▸ **REQUIREMENT**
Restate all the data word for word and omit the pictures.

▸ **DATA SECTION**
━━━━━━━━

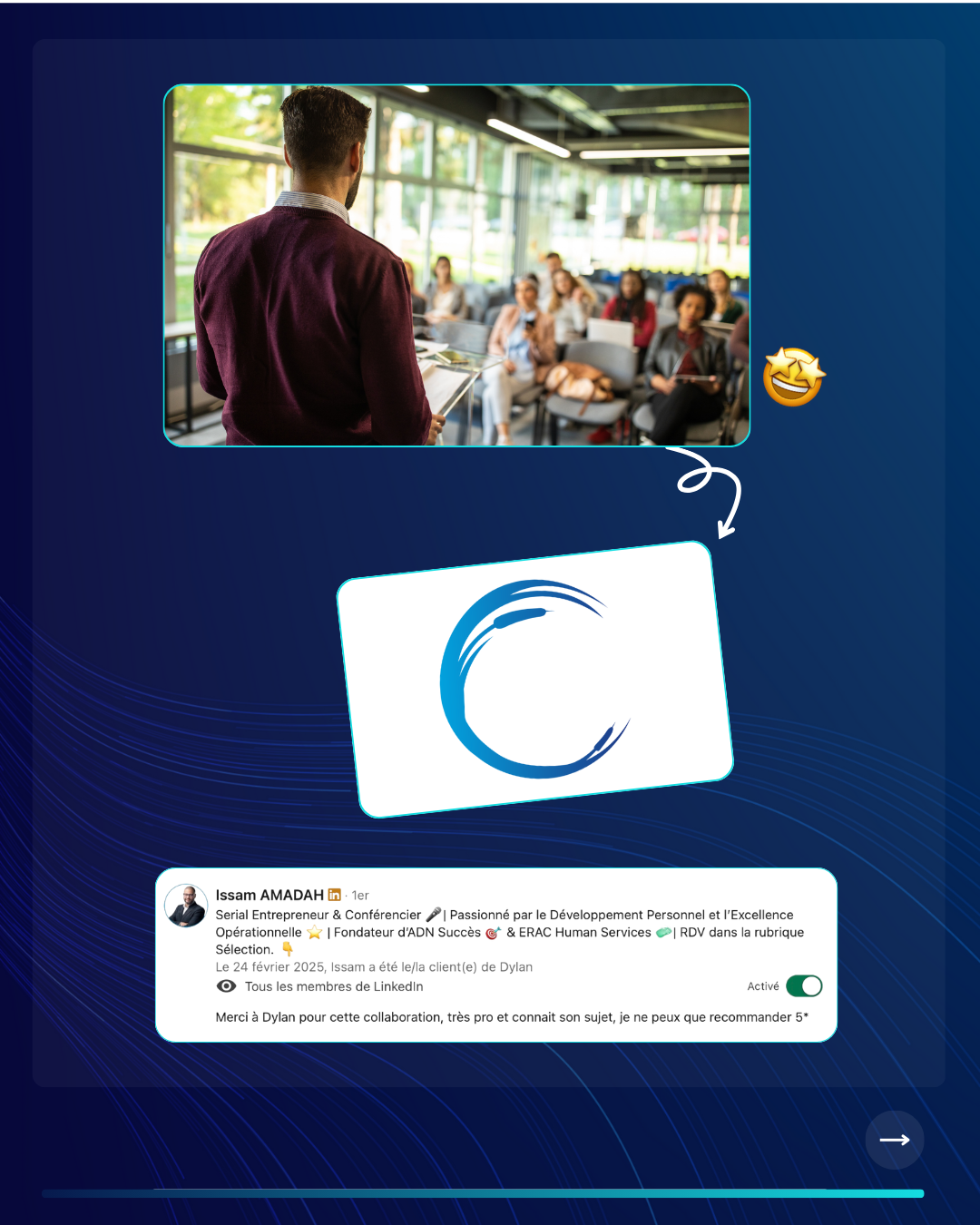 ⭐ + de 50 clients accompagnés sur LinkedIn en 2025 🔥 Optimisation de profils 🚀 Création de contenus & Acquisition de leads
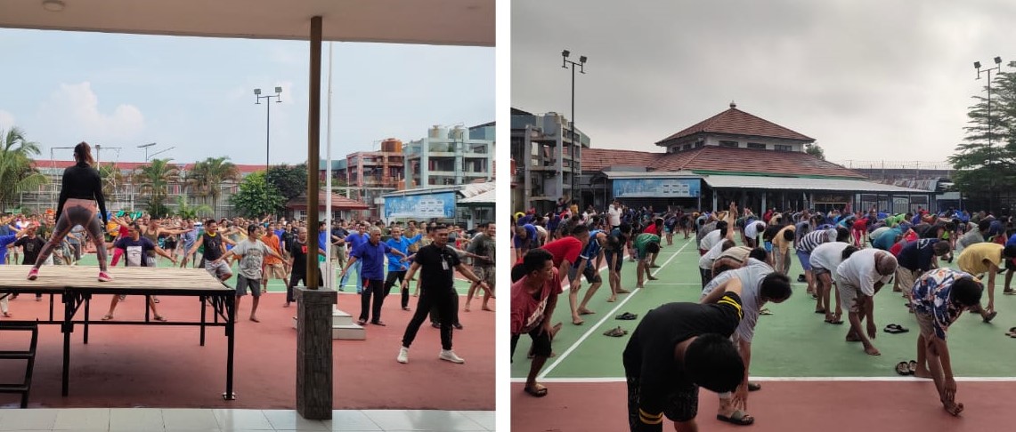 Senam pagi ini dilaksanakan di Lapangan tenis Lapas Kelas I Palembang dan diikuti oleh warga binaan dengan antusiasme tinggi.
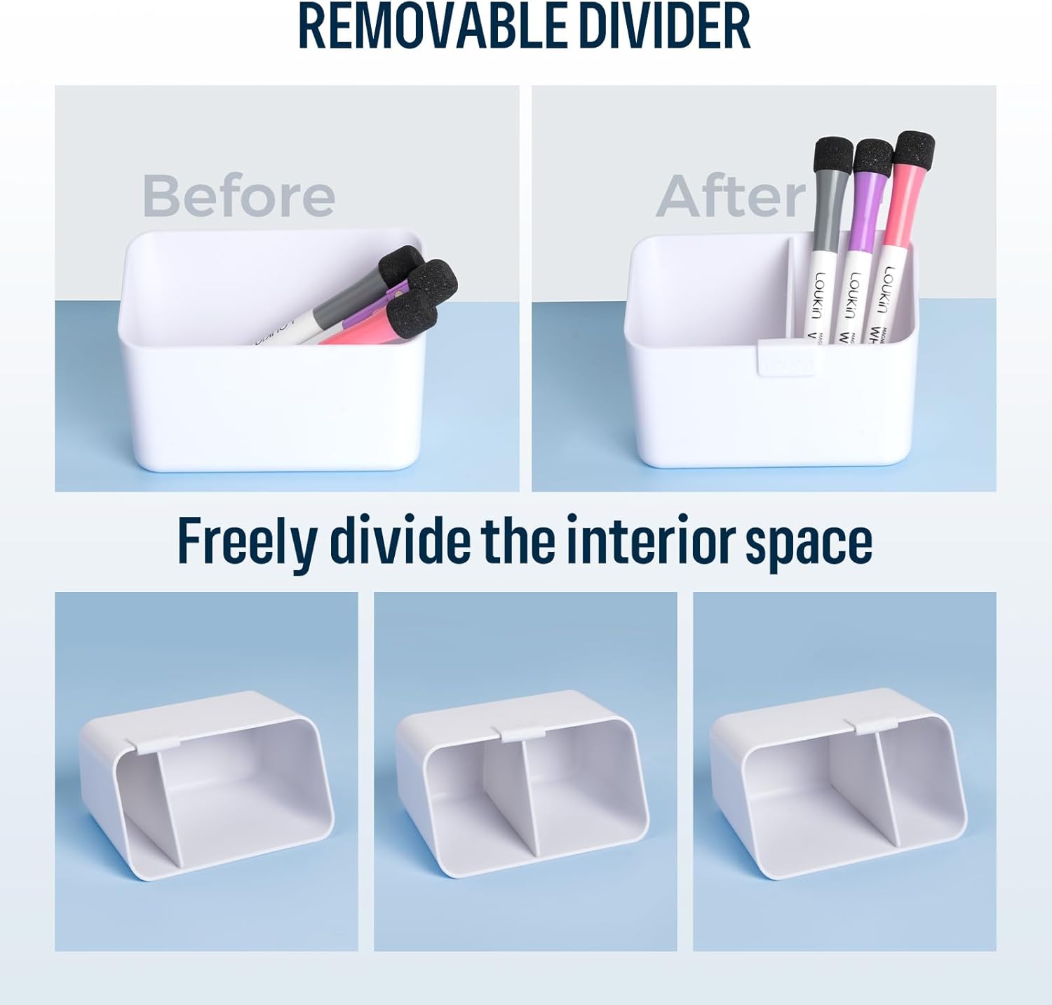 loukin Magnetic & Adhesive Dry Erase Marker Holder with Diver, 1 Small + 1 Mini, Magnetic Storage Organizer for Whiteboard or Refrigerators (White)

━━━━━━━━

▸ **SOLUTION TO THIS PROBLEM**
 ⭐ + de 50 clients accompagnés sur LinkedIn en 2025 🔥 Optimisation de profils 🚀 Création de contenus & Acquisition de leads
 Senam pagi ini dilaksanakan di Lapangan tenis Lapas Kelas I Palembang dan diikuti oleh warga binaan dengan antusiasme tinggi.
 loukin Magnetic & Adhesive Dry Erase Marker Holder with Diver, 1 Small + 1 Mini, Magnetic Storage Organizer for Whiteboard or Refrigerators (White)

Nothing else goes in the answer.